Rio Tejo entre Alentejo e Ribatejo. LUSA/NUNO VEIGA

Um novo estudo indica que os restos de cerveja podem ser utilizados para resolver o problema da contaminação dos rios. A ideia é “sustentável, barata, simples e de aplicação imediata”, segundo Centro de Estudos Avançados de Blanes-Conselho Superior de Investigações Científicas (CEAB).

O melhor deste método é que é muito fácil de aplicar e tem um custo muito reduzido, além de ser limpo e sustentável", explicou Miguel Ribot, responsável técnico do Urban River Lab do CEAB.

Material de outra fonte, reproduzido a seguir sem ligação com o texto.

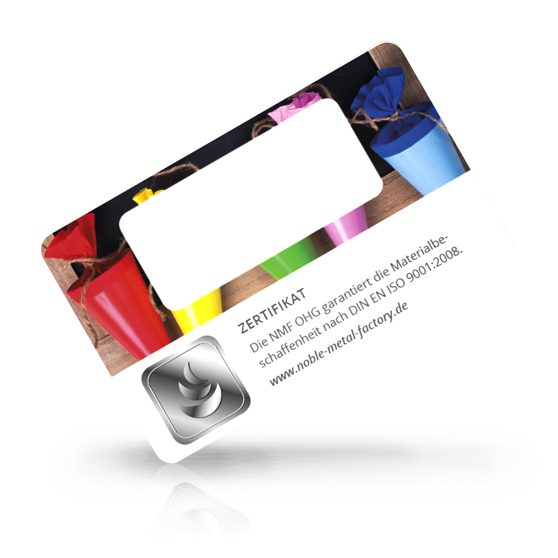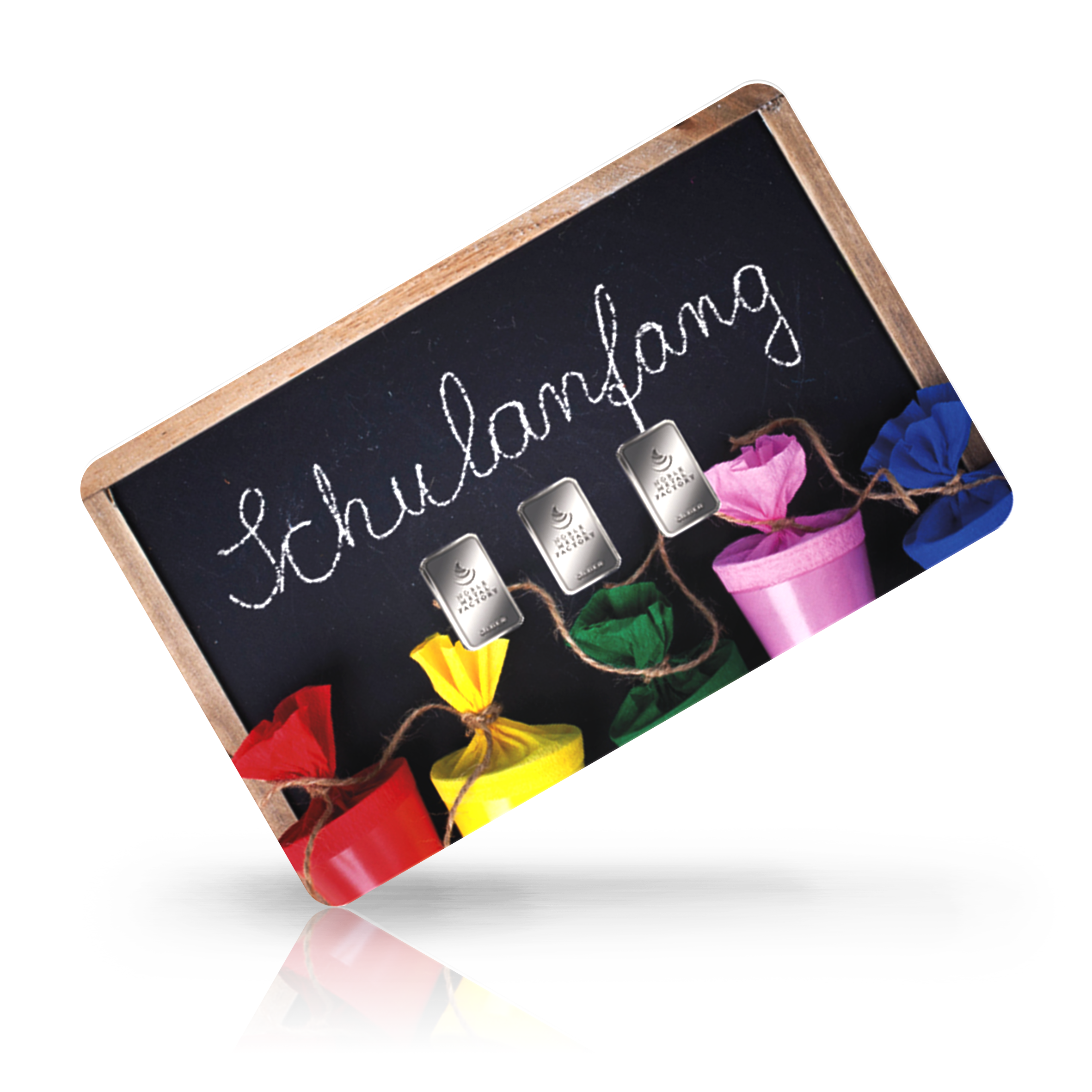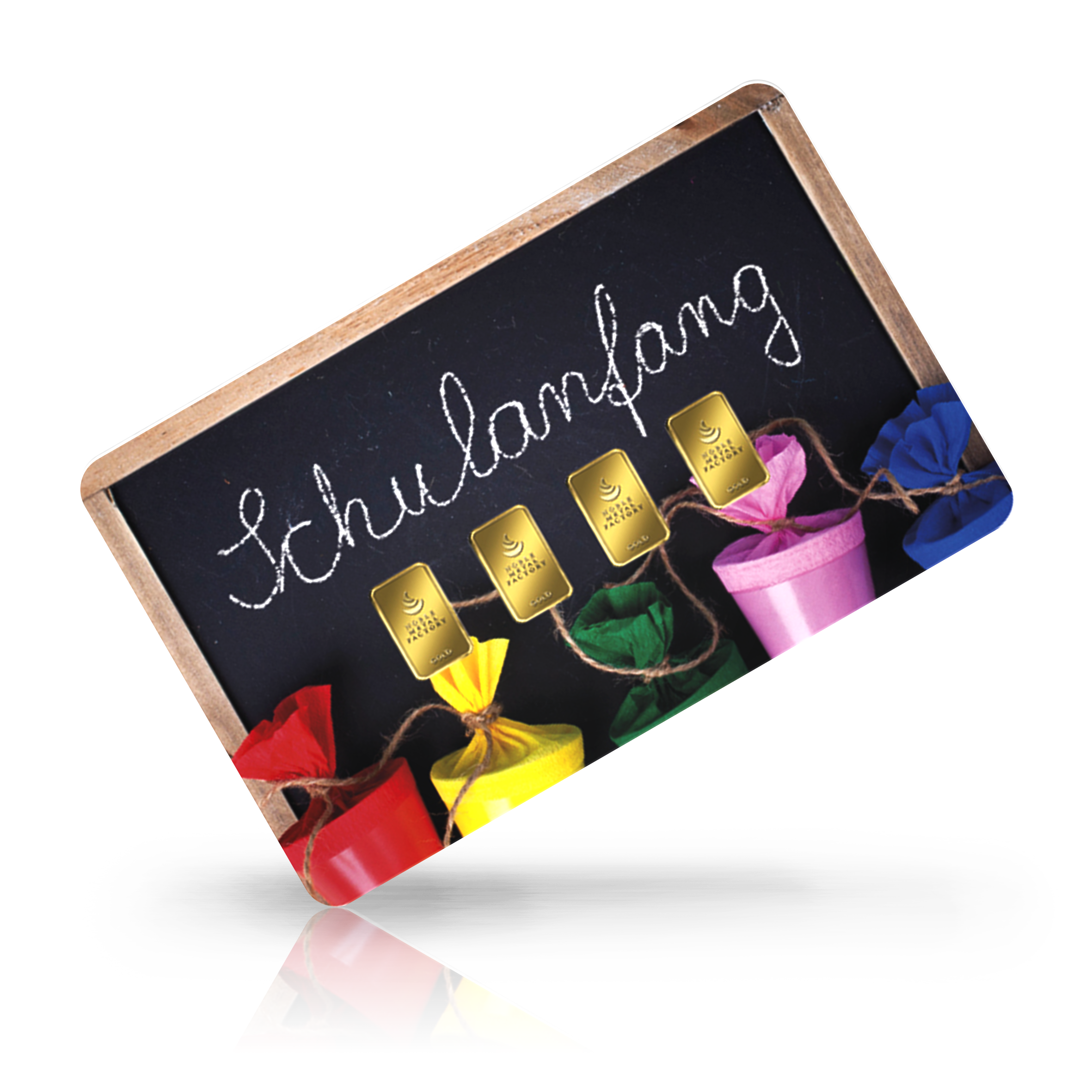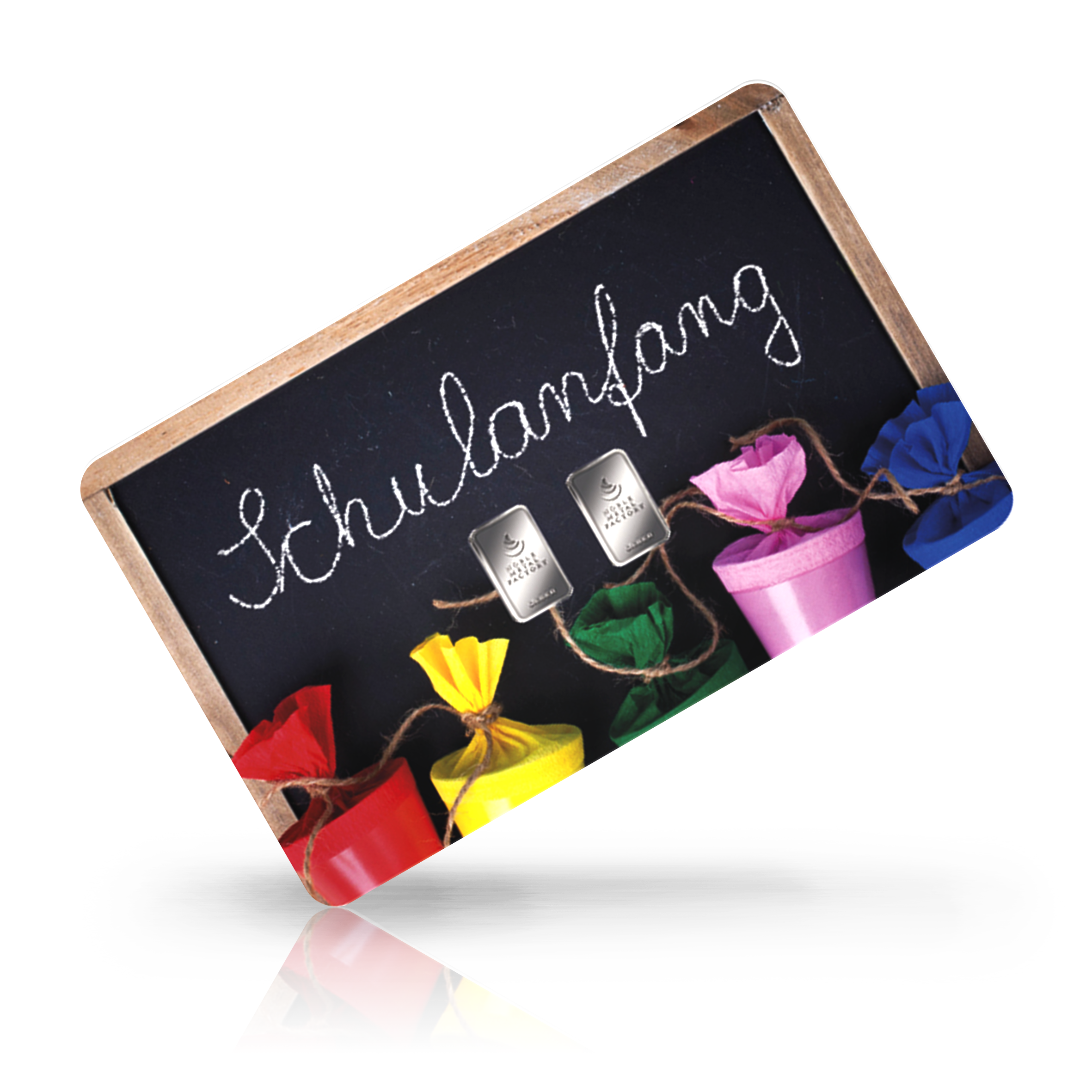 Gold- und Silberkarte Schulanfang bunte Schultüten

O CEAB, que tem sede em Girona, Espanha, aponta o excesso de nitratos como o grande problema das águas fluviais. A concentração deste tipo de químicos diminui a quantidade de oxigénio na água e favorece a proliferação de microalgas.

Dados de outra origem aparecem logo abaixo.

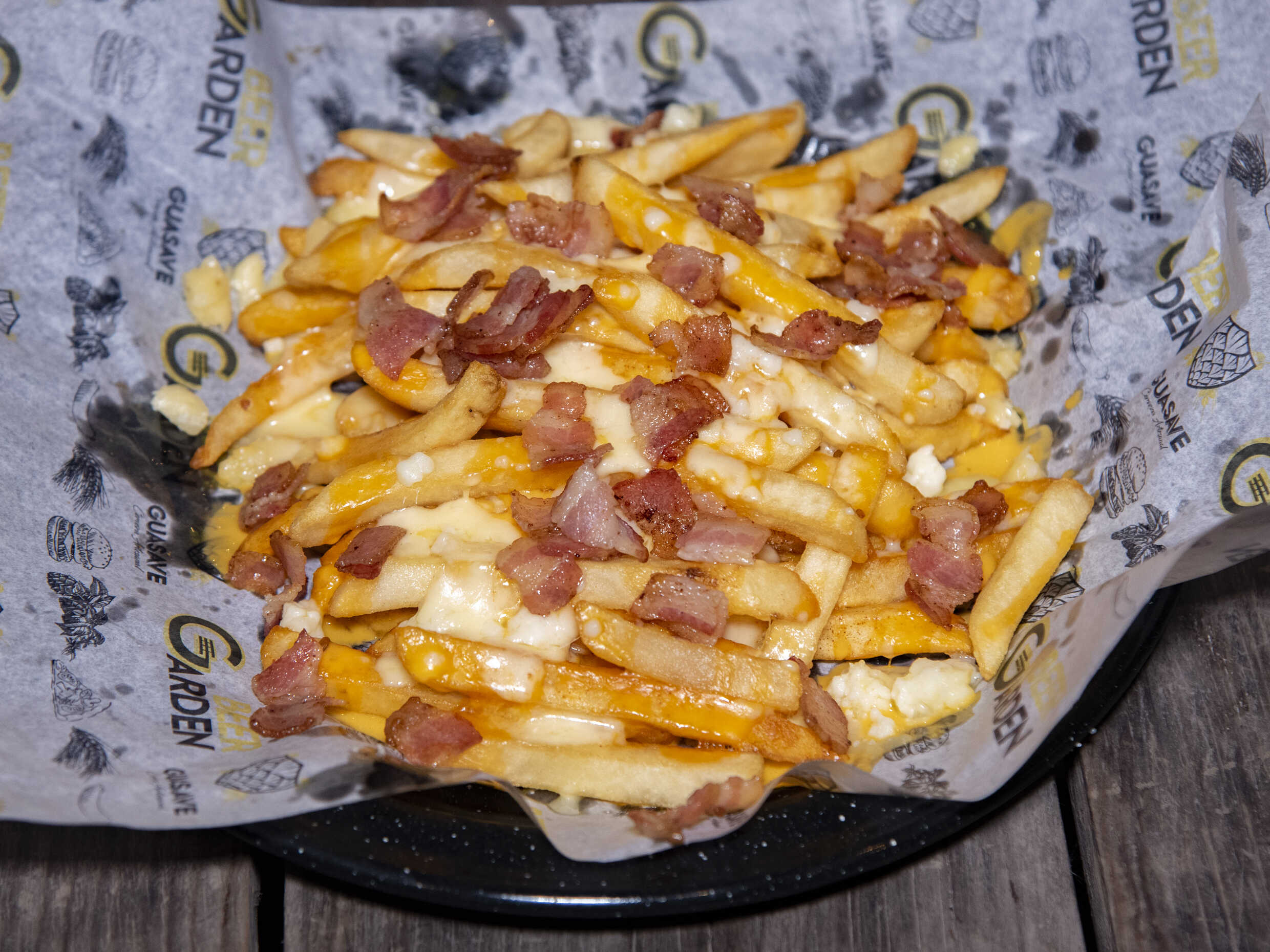 Papas a la francesa bañadas en queso gratinado y tocino en trozos.

Os cientistas já começaram a utilizar a técnica de forma experimental, em parques urbanos de Barcelona.

Para que o tratamento da água funcione, as fábricas produtoras de cerveja terão apenas de verter os resíduos da elaboração de cerveja para os esgotos.

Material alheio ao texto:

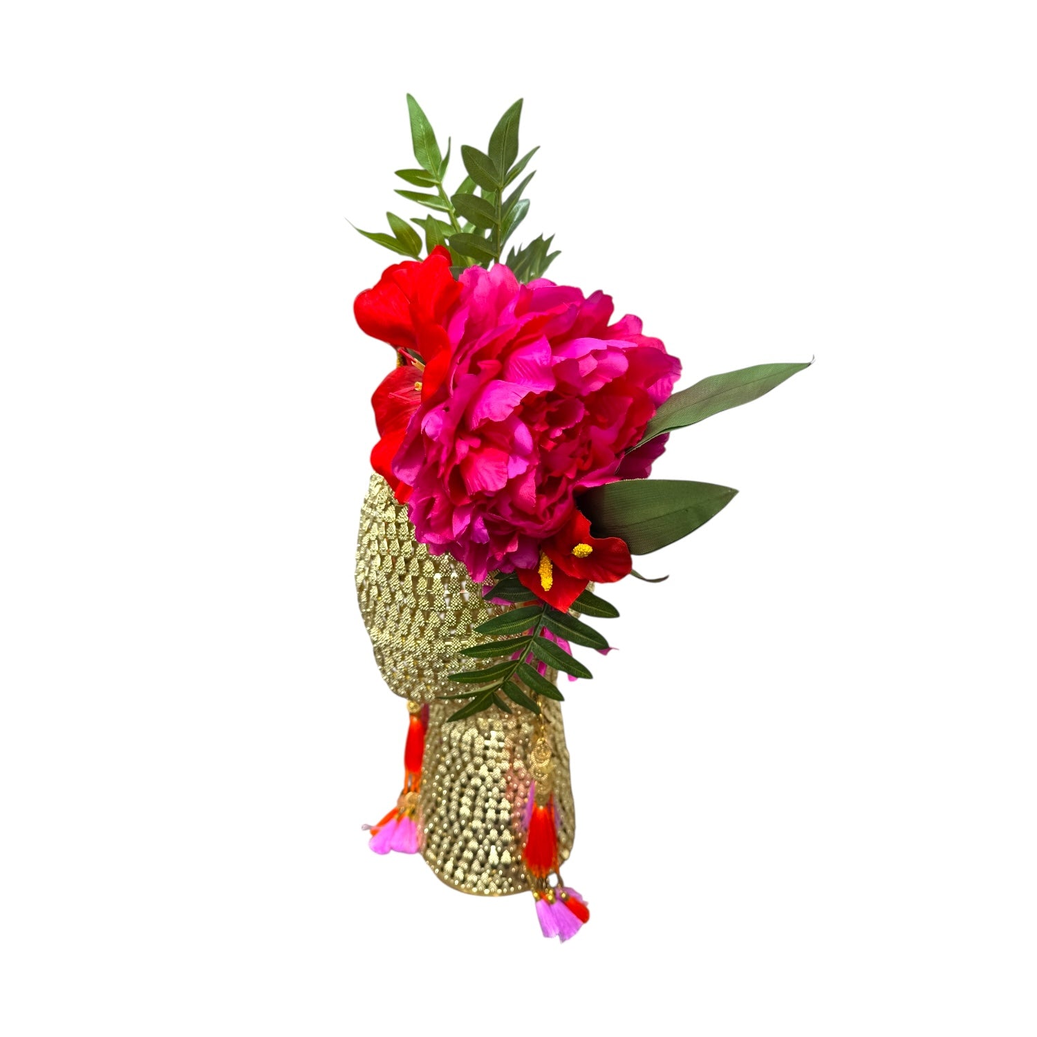 The hand made tassels which clip on and off are made by artisans in India ran by female owned small business.

Consegue-se incrementar até 40% as taxas desnitrificação bacteriana, a principal responsável por eliminar os nitratos na água no meio ambiente”, revela o estudo.

Segundo esta investigação, que foi publicada na revista Environmental Science and Technology, o método também poderá passar pelo aproveitamento dos restos orgânicos da poda realizada em plantas aquáticas utilizadas nos sistemas de limpeza das estações de tratamento de águas residuais.

A má qualidade da água pode afetar as bacias hidrográficas, bem como os ecossistemas envolventes. O rio Tejo, que Portugal partilha com Espanha, tem revelado graves problemas relativos à fauna e flora, que poderão decorrer da contaminação das águas fluviais.